Once everything is quiet in Germany, I see no reason for anxiety about Naples; for it would be easy either to create a diversion by laying waste territory near here, or by attacking the Prince of Salerno, and thus frustrating his designs, to the considerable hurt of the enemy both within and without that kingdom. Exactly as the enemy will wax bold to come out openly against your Majesty as long as he sees you with your hands full in Germany, so he will keep bounds when he finds you free and powerful; or, if he does otherwise, we shall be able to inflict such punishment upon him as shall make of him a perpetual warning to infidelity.
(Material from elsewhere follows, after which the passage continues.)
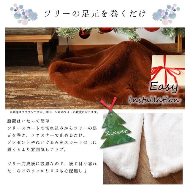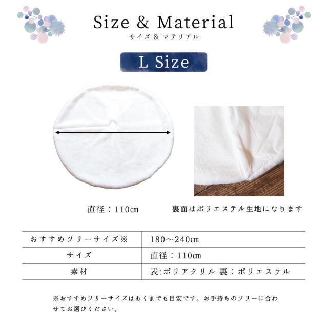 クリスマスツリー 足元 カバー ふわふわ ツリーカバー ツリースカート 配線カバー ホワイト ムートン風 Lサイズ 110cm[880024]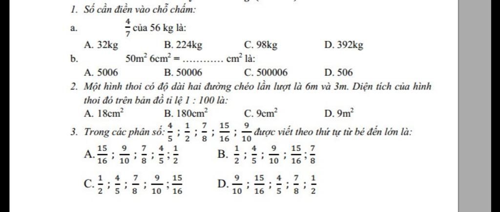 a. $\dfrac{4}{7}$ của $\text{56 kg}$ là:

Siena is now in a very dangerous position because it is nearer (i.e. nearer to France than Naples is), and because lack of money has rendered it impossible to do more than has been done there, wherefore particular care must be taken in order not to lose the fruit of all the pains that have been lavished on it in the past. It would gain as much by the said arrangement as Naples; and so would all your Majesty's interests in Italy. Outside of Italy, your Majesty would be able to confer a great benefit upon Flanders by freeing it from the heavy burden now weighing upon it; for it is inevitable that that country also should be exhausted by the enormous expenses required for withstanding the King of France, and keeping him out of Germany. But in the above case your Majesty might either stop fighting there altogether, or else render that country more efficacious support, both with money and with troops, as you would not be exposed to expense in so many quarters at once. Thus a German settlement would enable your Majesty to make everything sure, not in Italy only, but in Flanders. Also, if you wished to fight, it would open to you an excellent way of attacking your chief enemy, the King of France; and, if you wished to make a truce or conclude peace, you would be able to do so in the most advantageous circumstances.
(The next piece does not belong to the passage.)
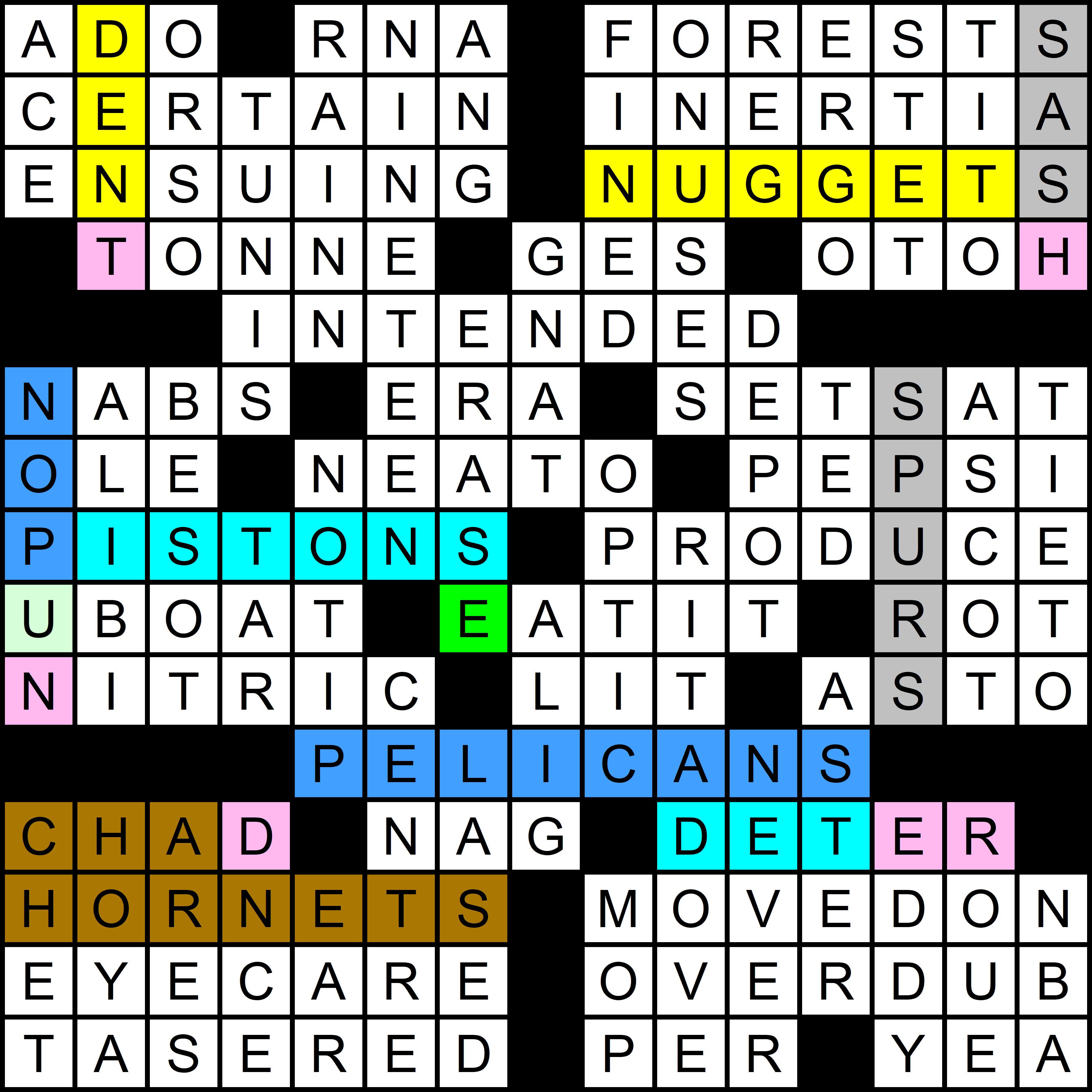 As is also shown below, the first letters of these 12 entries spell out this year’s mega-meta, Lose Yourself, Eminem’s smash hit from 2002. Note that EMINEM also appears in the grid, clued as [Rapper whose name sounds like a candy], as a subtle hint to the meta mechanism.

Someone may reply to me at this point that your Majesty's dignity demands that you inflict a fitting punishment upon (the Elector) Maurice, who has betrayed you so often. I will reply that I wish your Majesty might do so, even if it were to cost me my own blood. But let it be seen whether you can do so; I mean at a time when you have so many distant affairs to look after. I observe your Majesty's express orders to me about disarming, and gather from what you have written to me touching your necessities that you cannot do so. With this much to go upon, I proceed to weigh the matter, and easily arrive at the conclusion that they are right who think it better to pardon subjects than to chastise them. At least, I consider it less humiliating to forgive a vassal than to yield to an enemy; even leaving out of the question the above-mentioned advantages and dangers. And may it now please your Majesty to consider what possible gain you might derive from the German war, out of which I feel sure you will emerge victorious, as your forces are superior to those of your rebellious subjects. I fail to see what your Majesty can do, when once you have struck down and annihilated Maurice, except to give his state and electorate back to John Frederick, who has been as great a rebel as the other. Consequently, I cannot say it seems to me that your Majesty, for the sake of crushing Maurice and raising up another rebel who is no less than he your enemy, is following a good and worthy course in embarking upon so perilous and costly an enterprise as this war is sure to prove. The German war is one that must necessitate great preparations far and wide; and however short a time it may last, it will certainly go on for three or four months, and cost not less than a million and a half of gold. With this sum, if your Majesty cared to do so, you might easily pay for a year's campaign in Italy with the certain hope of making your states safe, as I have said, and achieving peace for yourself, and security for your royal succession. Thus much I must say; and, as I speak from a distance with great sincerity and out of abundant zeal, I beg your Majesty to forgive me if I say not well, for my good intentions have been my only motive. .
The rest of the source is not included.